Oh by the way, between then and today, we get a maintenance request saying the washing machine doesn’t work. The landlord sends in a repairman who says that fresh concrete has been poured down the drain of the laundry machine, and he will have to dig up the floor. Wonder how that happened.
So this morning we attend, no tenants of course, they’ve already reaped the benefit of an extra free month. The adjudicator explains that she brought us back because on reflection, she didn’t think she had the jurisdiction to order a non-remedial eviction, but also order conditions and the right for the landlord to file ex parte on a breach. She said she didn’t think she could have two termination dates in one order.

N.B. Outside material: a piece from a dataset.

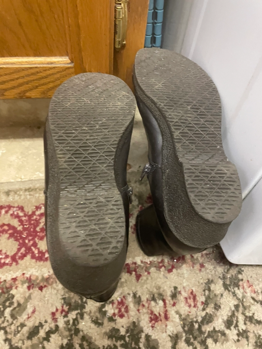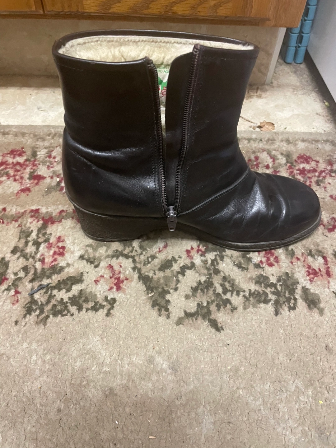 These are a pair of black leather women size 8 winter boots from the brand Morello. They have a zipper closure and are lined with a soft, warm material. They are used still good for the winter I only take cash no e-transfers thank you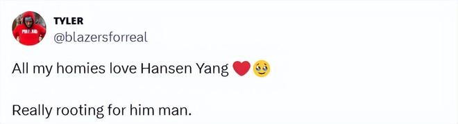开拓者球迷Tyler也写道:“我所有兄弟都爱杨瀚森,都在为他加油!”

She is clearly wrong in law, and I’ve done this same order a dozen times. And it’s not two termination dates in one order, it’s one non-remedial date, but a right to file an L4 ex parte
The Board says publicly it’s trying hard to resolve the more complex matters through mediation. But regulars like myself just stop mediating and insist on everything going to hearing when if there was a breach. re-application for an eviction date prior to that if the tenants don’t live up to the agreement. But the issue is not that I disagree with her interpretation of the law. The issue is that the 10 minute hearing we had this morning, in the absence of the tenant, could have been done as a telephone hearing, permitted by the Rules of Practice, the very next day after the August 21st hearing. It’s now cost my client another month. Just another $1,000 in rent caused by the delay, no big deal.:
Members routinely question a tenant’s commitment to a consent order, and instead suggest they go talk to Duty Counsel
The Board routinely sends ex parte applications to a hearing rather than issuing an order as the Act permits
The Board routinely sets aside eviction orders that came about as a result of an admitted breach of a mediated agreements and consent order, for no reason
The Board refuses to take consents that are within its jurisdiction
Mediation at the LTB. No thanks, and I would stay away too if I were you.
I agree completely, I had a similar situation this summer.
Exactly – If the mediation is not binding what use is it?
There needs to be some higher powers looking into this type of behavior by the LTB.
Do you think these examples are rare causes or typical?
Mediated today. Complete breakdown. The tenant wanted to remain in the property 5 months rent free and his lawyer said if I didnt accept it, they would hold up the process that long anyway. The member only allowed 1 week delay. Crossing fingers as Power of Sale is looming.
Although how about in cases where the mediated agreement under a L1 that stipulates payments by tenant and repairs by landlord whereby tenant complies but landlord doesn't? Those happen often enough and leaves the compliant tenant to find a way to enforce specific performance with little remedial action such as eviction or order for arrears that a landlord can at least pursue. Such cases force tenant advocates to counsel caution against mediating s.82 issues and simply present them in hearing for the Board to adjudicate.